Turkish agency for areas with special environmental protection

The Özel Çevre Koruma Kurumu (Special Environmental Protection Agency), is the Turkish authority for protecting Special Protection Areas. It was established in 1988 by a decree of the Turkish Cabinet and initially placed under direct supervision of the prime minister. In English it may be referred to as EPASA, short for Environmental Protection Agency for Special Areas.

== History ==
After publication in the Resmi Gazete the Turkish government obtained the authority to give environmentally threatened areas of high ecological value threatened the status of SEPA (Special Environmental Protection Area), so as to enable them to take special measures to safeguard their natural beauty for future generations. The practical administration was entrusted to the ÖÇKK. In 1991 the ÖÇKK was put under the responsibility of the newly formed Ministry of Environment. After a merger with the Ministry of Forestry in 2003, the Authority has to answer to the new Ministry of Environment and Forestry. The Turkish Authority for the Protection of Special Areas performs its activities as a public institution with a special budget.
In 2011 a new reorganisation has taken place resulting in three different branches, one for building and town planning, another specialised at water management and a third controlling forestry.

== Mission ==
The ÖÇKK aims to preserve the natural beauty, historical and cultural heritage, to protect the biodiversity and water, to preserve these values for future generations, promote sustainable regional development and promote environmental awareness among the local population.

== Goals ==
Concretely this means that protection and exploitation of an SEPA go hand in hand, by
- protection of rural areas and forests
- prevention of water pollution
- conservation of the rare wetlands
- improvement of the environmental infrastructure of the area's settlements
- stimulation of economical sectors such as agriculture, tourism and fishery without interfering with the natural balance.

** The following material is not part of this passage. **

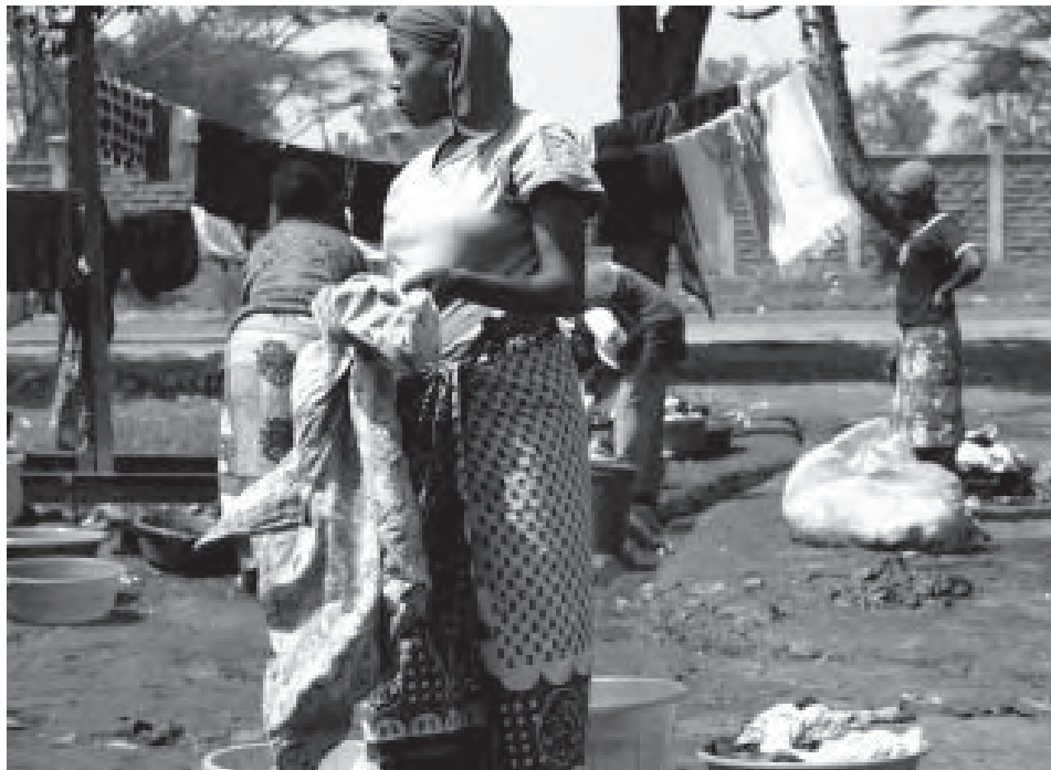
Ženy v táboře při praní prádla

Na okraji jednoho z největších keňských slumů Mathare vyrostl před sedmi měsíci stanový tábor keňského červeného kříže. Tábor Huruma byl vystavěn v důsledku násilí, které Keňu zasáhlo především v průběhu ledna letošního roku.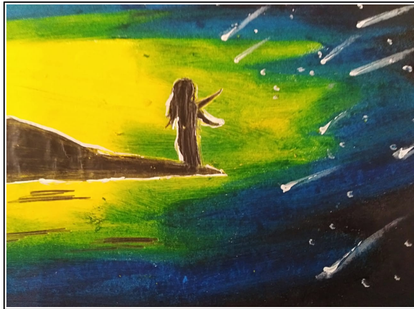
അന്നന്യ IX A

== Registered Special Environmental Protection Areas (SEPA) ==
- Belek
- Datça - Bozburun
- Gökova
- Gölbaşı
- Kaş - Kekova
- Pamukkale
- Tuz Gölü
- Foça
- Fethiye - Göcek
- Göksu Delta
- Ihlara
- Köyceğiz - Dalyan
- Patara
- Uzungöl

==Criticism==
Although environmental protection seems well-organised on paper, practice often shows otherwise. Economical growth often prevails over environmental interests.

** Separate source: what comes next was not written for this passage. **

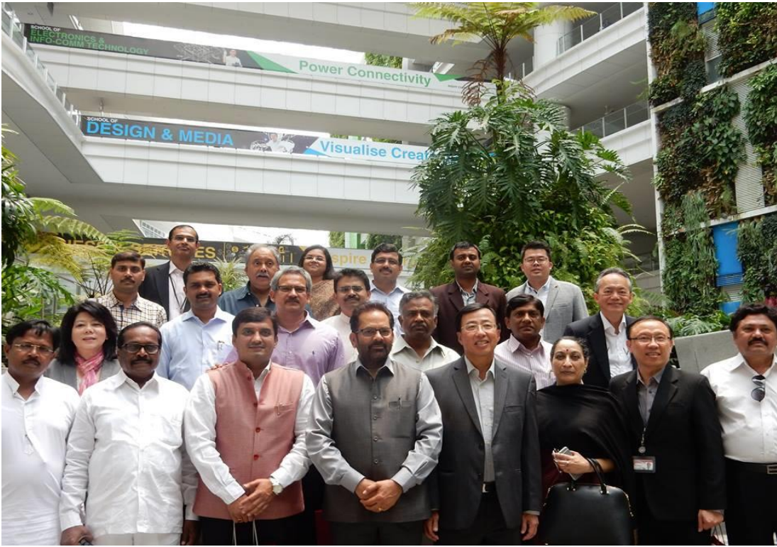
(शिष्टमंडल ने सिंगापुर में इंस्टीट्यूट ऑफ टैक्नीकल एज्यूकेशन (आई.टी.ई.) का दौरा किया)

Rich agricultural soil is sacrificed for urbanisation. The urbanisation resulting from migration to areas with employment opportunities results in pollution of the surface water, soil erosion and environmental pollution because of the lack of water purifying installations and uncontrolled waste disposal.

To fulfill the EU admission standards, the Turkish environmental legislation is upgraded to international standards.

Turkey has subscribed to Agenda 21 (1992) and tries to meet goals related to environment and sustainability. Items that need attention are water, (chemical) waste and energy supply.